Sunday, March 20, 2016

Magic is the tool, not the theme, in Magicians

I’m getting into the Magicians quite a bit, but for while it was hard to pin down why.
First off, maybe I’m reading into it too much, but let’s see. While the literanazies usually comment that much of genre fiction is “adolescent” especially for it's love of the Chosen One trope, the Magicians is more of the collegiate version.
I'll skip over the two obvious spins of that angle, the post-Harry Potter commentary and the addiction allegory, though the undertone I was having trouble articulating about seemed akin to both.
It seemed more like the addition to being a "Chosen One" ... among thousands of other “Chosen Ones” and the sacrifices you make only validate your alleged uniqueness.
Harvard? Yale? Being in the 10% of special people in country? Bah. That pales in comparison to magic school. Suck on that valedictorians!
And yet the show is already hinting that every one of these special snow flakes are all headed towards a crash of realism out in the adult magic world.
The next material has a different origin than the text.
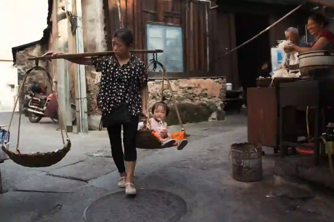 ▲恩施古城里卖完菜的村民,带着孩子买完早餐回家

Just as every wizard graduate from Brakebills will learn that  high scores only puts more expectations to deliver in a world they are outclassed for, so goes it for mundane lawyers, doctors and academia.
You see that some are already finding justifications to avoid dealing with that realization. I.E. at least they are not hedge witches, or worse yet not one of the little people who have no magic. And the hope that if they are willing to keep pushing and sacrificing, they can prove they at least belong if not stand out among peers who are already standing above everyone else. And how those older and more cunning than them are manipulating their insecurity and ambition.
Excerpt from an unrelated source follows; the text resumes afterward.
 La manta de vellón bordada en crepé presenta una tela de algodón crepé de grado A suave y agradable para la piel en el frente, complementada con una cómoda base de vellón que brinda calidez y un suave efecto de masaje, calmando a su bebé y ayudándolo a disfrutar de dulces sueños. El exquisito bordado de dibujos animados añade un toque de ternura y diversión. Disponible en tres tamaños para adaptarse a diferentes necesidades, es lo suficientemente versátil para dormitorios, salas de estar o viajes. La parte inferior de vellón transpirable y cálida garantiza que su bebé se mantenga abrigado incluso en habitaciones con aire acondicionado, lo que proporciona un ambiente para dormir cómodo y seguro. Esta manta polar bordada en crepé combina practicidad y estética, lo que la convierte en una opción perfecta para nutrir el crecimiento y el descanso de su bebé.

So I knew it's definitely a hubris of some sort,  sometimes, but then some characters use the magic as facade to remake themselves into what they want to be. "I am own greatest creation." Just as others had used magic as something to bury themselves into to hide from their personal pains
Then I realized where I had gone wrong. 
I had assumed the writing room had only picked one theme or one trope. A lot of shows and stories do that. In the past, that was a pretty solid way to go, but I think audiences are more savvy to that now. A show has to keep moving forward now a days.
 Example? Twenty years ago, the old "Hero is stuck in a fake insanity ward" episode would have been in season four of a genre film. 
The Magicians did it as their fourth episode, season one. 
And I think that this show has taken that a step further with magic. Instead of sticking to one metaphor and running it into the ground, on fumes, with a shovel, they've embraced that magic can be many things to many people. It can be a way to power, a place to hide and even a salvation of sorts. 
It could also be a one-way ticket to a personal hell. 
So I tip my hat off to the crew of show. Keep making magic.